Carybdea marsupialis is a predator and feeds on invertebrates and even small fish which it captures with the nematocysts (stinging cells) in its tentacles, often in shallow waters. It swims by making rapid contractions of the bell and can move at a speed of between 3 and 6 m per minute. Like other species in its genus it has comparatively sophisticated eyes with lenses. With their help it can detect obstacles such as posts or a ship's rudder and avoid them. It often occurs in small groups. The sting is venomous to humans but some swimmers do not notice any painful sensation.
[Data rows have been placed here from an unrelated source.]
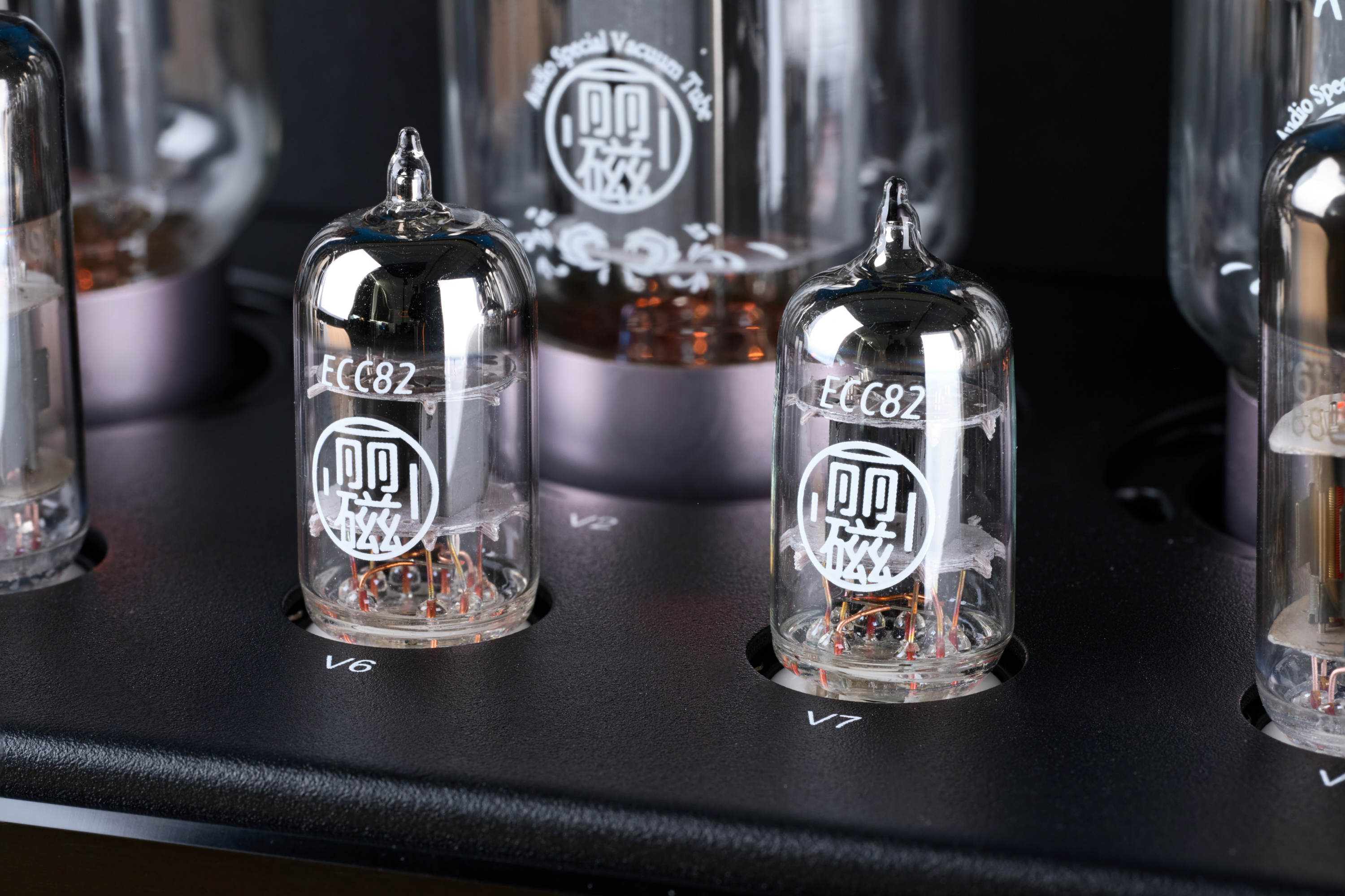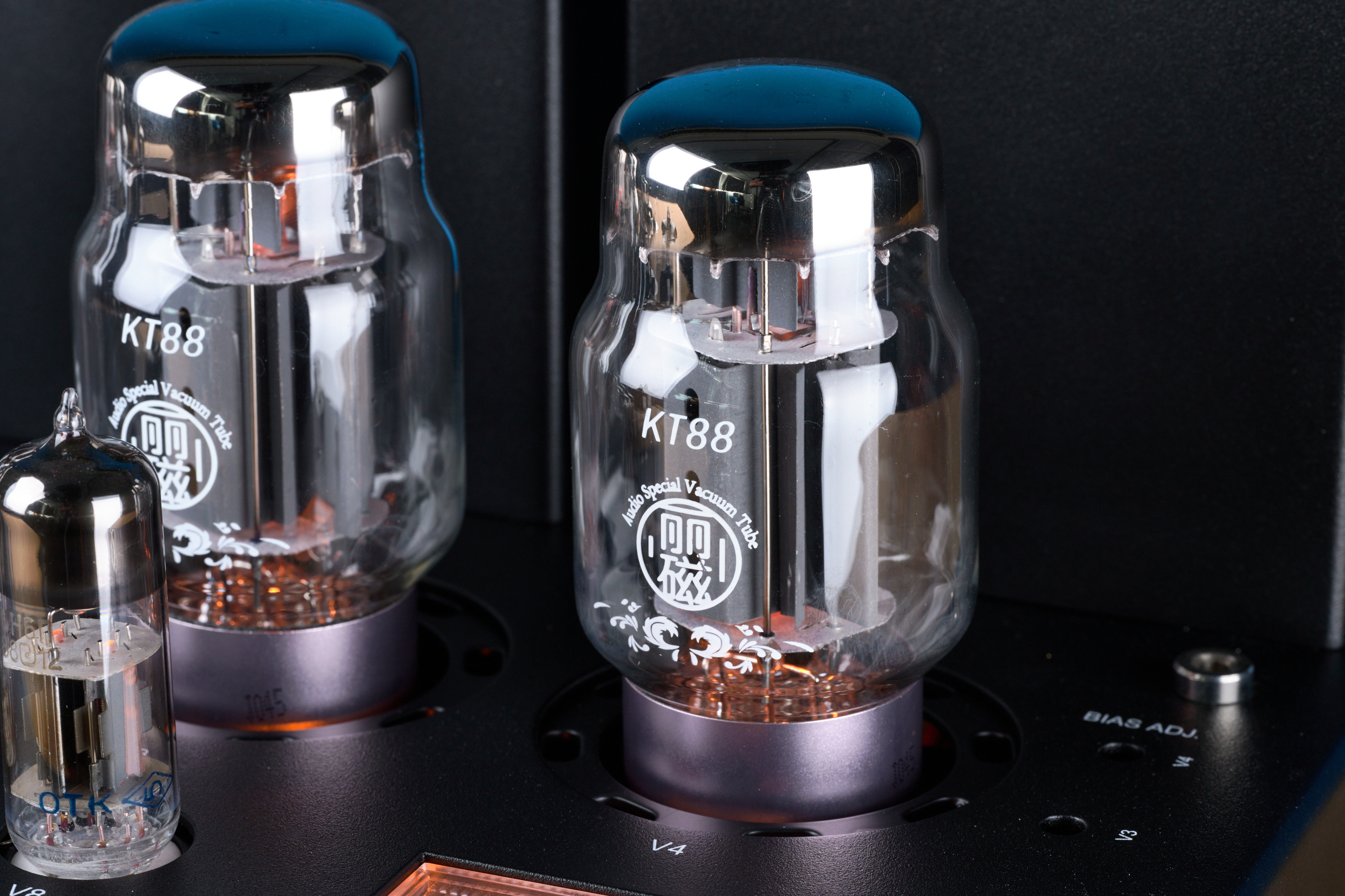 Vor dem KT88-Quartett werkeln vier vergleichsweise zierliche Doppeltrioden für Vor- und Treiberstufe: zwei 12AU7, bzw. ECC82, gefolgt von zwei 6N6P (kyrillisch: 6Н6П) aus alter sowjetischer Produktion. Alles gebräuchliche, gut und in großer Auswahl verfügbare Röhren. Nachschubsorgen musst du dir hier garantiert nicht machen, zumal es für jeden verwendeten Röhrentyp auch noch etliche kompatible Alternativen gibt. Die kleinen Röhren halten aller Voraussicht nach ohnehin fast ewig. Und auch die Leistungsröhren sind für viele Jahre Hörspaß gut. Ab und zu solltest du ihre Ruheströme überprüfen. Dank eingebautem Amperemeter und gut zugänglichen Trimmpotis geht das sekundenschnell.
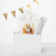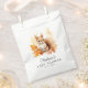 De mignons sacs de baby shower à thème boisé avec une aquarelle illustrant un écureuil de bébé entouré de feuilles d'automne dans les tons orange, rouge et jaune. Personnalisez les sacs de baby shower pour bébé écureuil avec le nom de la mère et la date du baby shower. Conçu pour coordonner avec notre collection de Baby showers d'automne pour animaux de bois mignons.
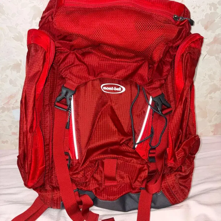 메쉬 포켓과 조정 가능한 스트랩을 갖춘, 넓은 수납 공간의 레드 백팩. - 브랜드: mont-bell - 색상: 레드 - 특징: 메쉬 포켓, 조정 가능한 스트랩 - 내부 구조: 넓은 수납 공간, 코드 포함 - 용도: 아웃도어, 하이킹 방문해 주셔서 감사합니다.
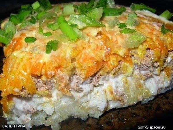 Описание: Простой печеночныйсалатикСалат очень вкусный!В этот раз вместопеченки у меня былПЕЧЕНОЧНЫЙ ПАШТЕТ ( куриный, делали сами).И мне показалось, что сним еще вкуснее инежнее!Продукты трутся накрупной терке. 1 слой-вареная тертаякартошка2 слой-вареные тертыеяйца3 слой-жареная тертаяпечень( у меня куриная).Еслиговяжья,можно и намелкой петереть-будетмягче.4 слой-жареная с лукомморковь Каждый слой майонезоми чуть присолить.Так как времени небыло,каждыйслой ,прежде чемуложить, смешивал с майонезом,выстилалцеллофаноммисочку,выложил слои вобратномпорядке,охладил вморозилке 10 минут и перевернул на блюдо.
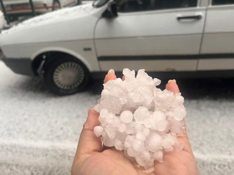 Meteoroloji Genel Müdürlüğü’nün uyarısının ardından ilçede dolu yağışı etkili oldu.
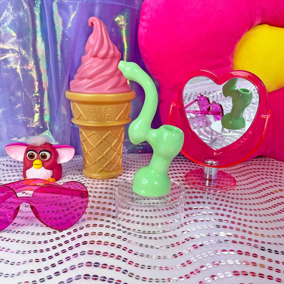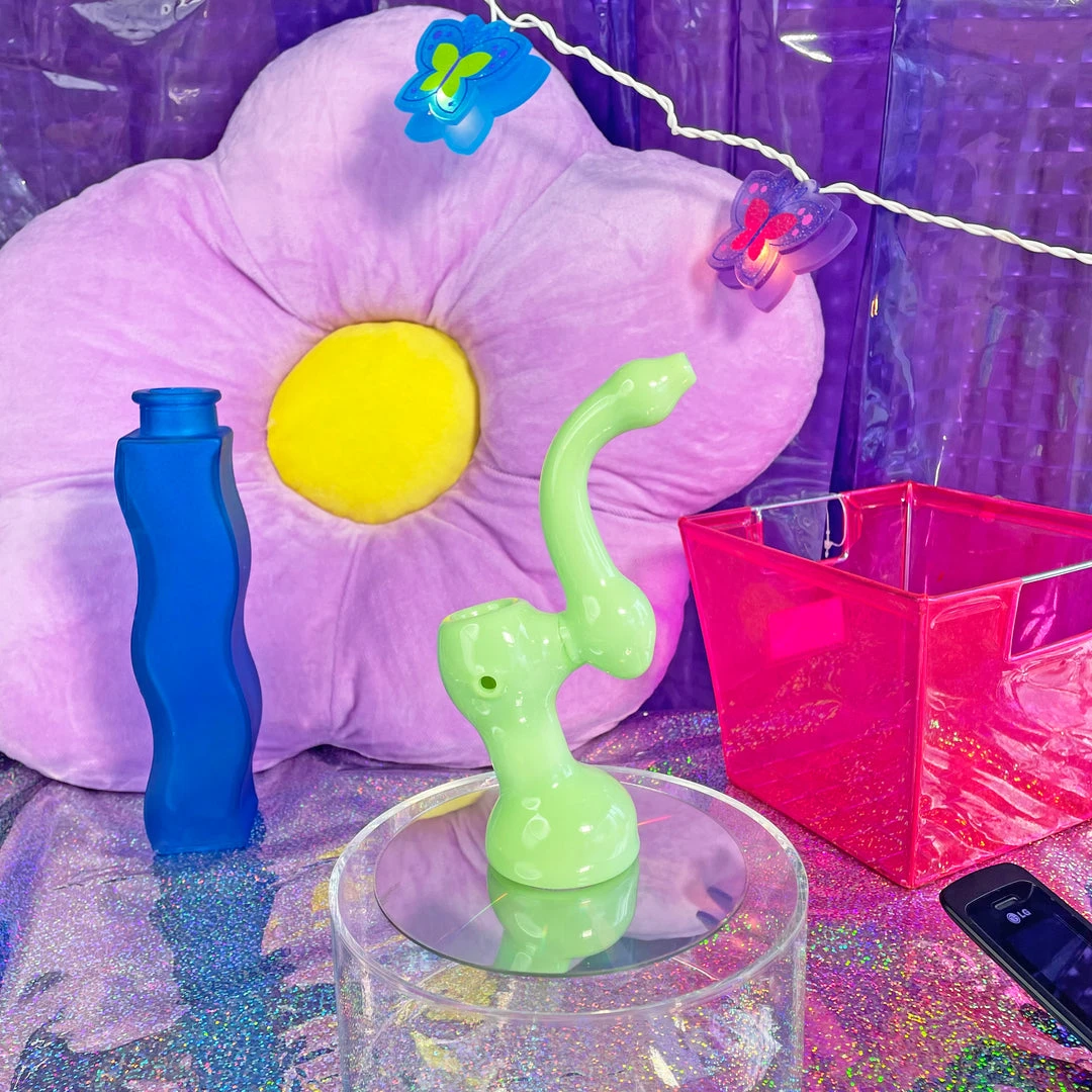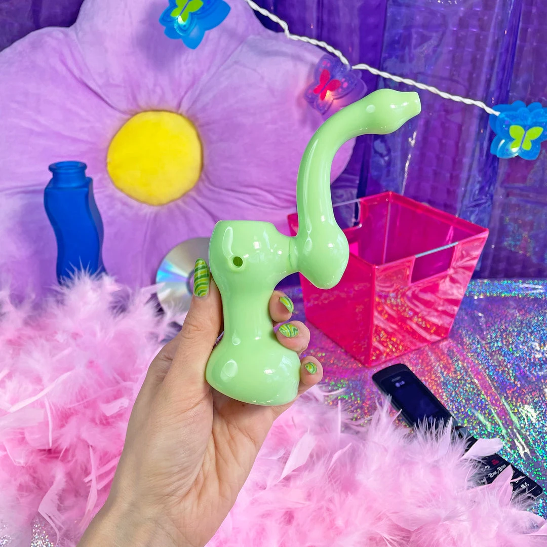 Love this piece! The bubblicious Bubbler measures 6.5″ tall. It stands steady and upright and is entirely mint green. The carb is on the left.

In severe cases, the symptoms can be systemic, including pain at the sting site and elsewhere, paresthesia, hyperesthesia and skin lesions, and may take a few months to fully disappear. Although it is far less dangerous than some box jellyfish species from other parts of the world, it is considered the second-most significant stinging jellyfish in the Mediterranean (after Pelagia noctiluca ).

The life history of this box jellyfish is complex. The sexes are separate and sexual reproduction takes place with the emission of gametes into the open water. After fertilisation, a planula larva forms which later develops into a cubopolyp with a few tentacles. This can reproduce asexually by budding, the buds soon becoming detached. At first they creep across the substrate with the tentacular region leading. During this mobile stage, pieces may become detached or the cubopolyp may split transversely; these fragments regenerate their missing parts within 72 hours. The resulting polyps then attach themselves to the substrate and grow a full complement of 24 tentacles. About a month later they become detached, the multiple tentacles are reabsorbed and the four tentacles typical of the medusa phase develop.